Dataset extract:
== Segment start ==
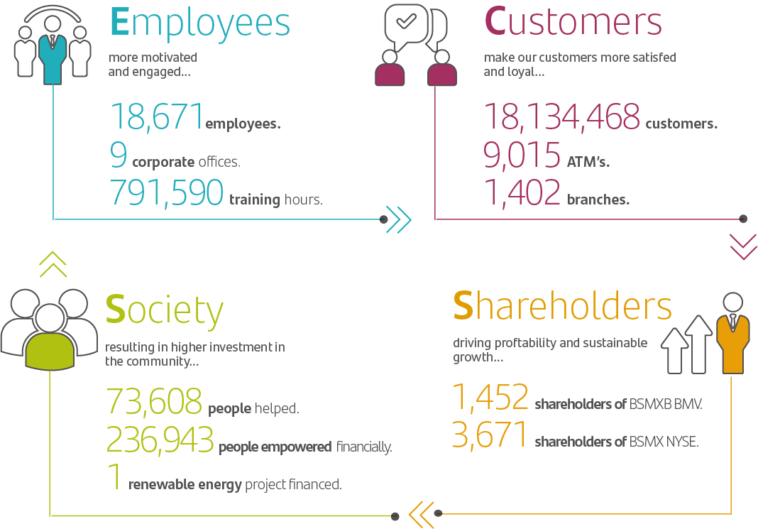 Our continuing growth as a company has allowed us to extend our presence throughout Mexico, offering our financial products and services to numerous segments within society, including the manufacturing, agricultural, communications and transport, construction, commercial, tourism and mining sectors, government agencies and retail portfolio, among others. This is how we contribute to the progress of people from low-, middleand high-income backgrounds, SME’s and corporations focusing on the mid- and high-end market.
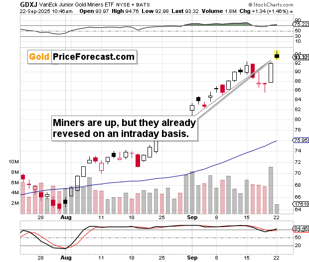Speaking of reversals, that’s what miners are doing on an intraday basis. Perhaps this two-day rally is the final breath of the dying bull. We’ll see soon, but even if this is not the case immediately, it still seems that miners’ rally’s days are numbered.
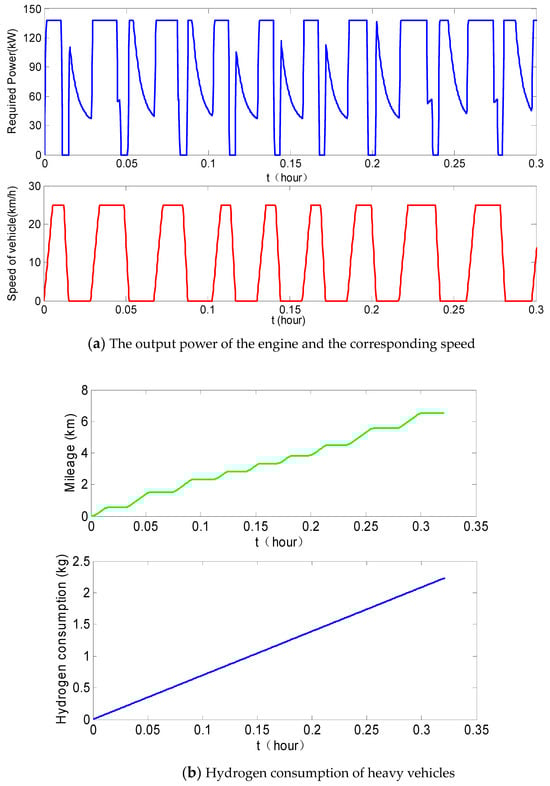 The driver’s control of the accelerator pedal and brake pedal will affect the working state of the fuel cell and motor system, the hydraulic system, and the power performance of the vehicle. In addition, the basic performance of the vehicle and road conditions will also affect the power of the construction vehicle. Under the control of the energy management strategy, it can be seen from Figure 8a that the fuel cell always operates near the maximum efficiency point during the process of providing energy to the drive motor. This can ensure that the power demand of the vehicle can be met in the shortest time when the vehicle is accelerating rapidly and driving at a steady speed and improve the power performance and energy utilization rate of the vehicle. The fuel cell hydraulic hybrid power system effectively combines the high energy density characteristics of the fuel cell with the high power density characteristics of the hydraulic system, so that the vehicle can easily meet the requirements of the vehicle’s power performance when facing the complex and changeable road conditions and a series of operations such as starting acceleration and braking are required frequently. As can be seen from Figure 8b, hydrogen consumption also increases linearly as the operating time increases, but the rate of increase remains almost constant. The energy management strategy based on driving condition recognition enables hydrogen fuel cell engineering vehicles to obtain more efficient power distribution, effectively reducing the vehicle equivalent hydrogen consumption, and improving the vehicle economy.
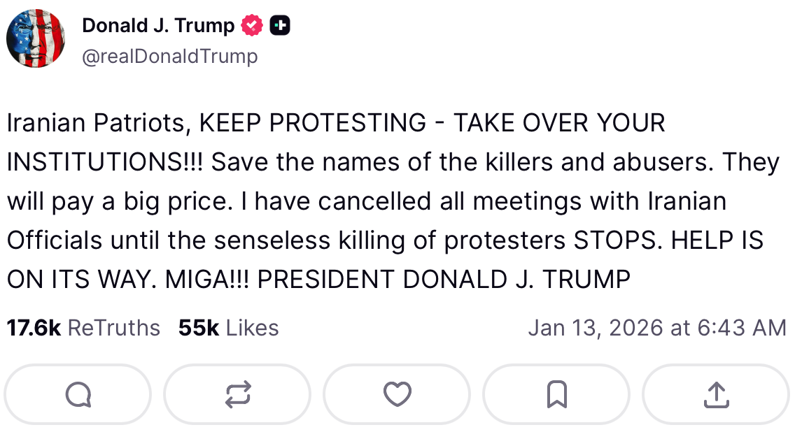 Has there ever been a social media post more important than the one that President Trump just made? I believe that it would be very difficult to overstate the significance of what we have just witnessed. Now that Trump has decided to publicly back the revolution in Iran, it is either regime change or bust. And by publicly declaring that the U.S. is going to help the protesters, he has made it very clear that there will be a military showdown with the Iranians. War is here, and we are going to witness a staggering amount of death and destruction.
== Segment end ==
What the exercise asks:
The job is to return the listing above exactly, minus its pictures.

Solution below:
 Our continuing growth as a company has allowed us to extend our presence throughout Mexico, offering our financial products and services to numerous segments within society, including the manufacturing, agricultural, communications and transport, construction, commercial, tourism and mining sectors, government agencies and retail portfolio, among others. This is how we contribute to the progress of people from low-, middleand high-income backgrounds, SME’s and corporations focusing on the mid- and high-end market.
Speaking of reversals, that’s what miners are doing on an intraday basis. Perhaps this two-day rally is the final breath of the dying bull. We’ll see soon, but even if this is not the case immediately, it still seems that miners’ rally’s days are numbered.
 The driver’s control of the accelerator pedal and brake pedal will affect the working state of the fuel cell and motor system, the hydraulic system, and the power performance of the vehicle. In addition, the basic performance of the vehicle and road conditions will also affect the power of the construction vehicle. Under the control of the energy management strategy, it can be seen from Figure 8a that the fuel cell always operates near the maximum efficiency point during the process of providing energy to the drive motor. This can ensure that the power demand of the vehicle can be met in the shortest time when the vehicle is accelerating rapidly and driving at a steady speed and improve the power performance and energy utilization rate of the vehicle. The fuel cell hydraulic hybrid power system effectively combines the high energy density characteristics of the fuel cell with the high power density characteristics of the hydraulic system, so that the vehicle can easily meet the requirements of the vehicle’s power performance when facing the complex and changeable road conditions and a series of operations such as starting acceleration and braking are required frequently. As can be seen from Figure 8b, hydrogen consumption also increases linearly as the operating time increases, but the rate of increase remains almost constant. The energy management strategy based on driving condition recognition enables hydrogen fuel cell engineering vehicles to obtain more efficient power distribution, effectively reducing the vehicle equivalent hydrogen consumption, and improving the vehicle economy.
 Has there ever been a social media post more important than the one that President Trump just made? I believe that it would be very difficult to overstate the significance of what we have just witnessed. Now that Trump has decided to publicly back the revolution in Iran, it is either regime change or bust. And by publicly declaring that the U.S. is going to help the protesters, he has made it very clear that there will be a military showdown with the Iranians. War is here, and we are going to witness a staggering amount of death and destruction.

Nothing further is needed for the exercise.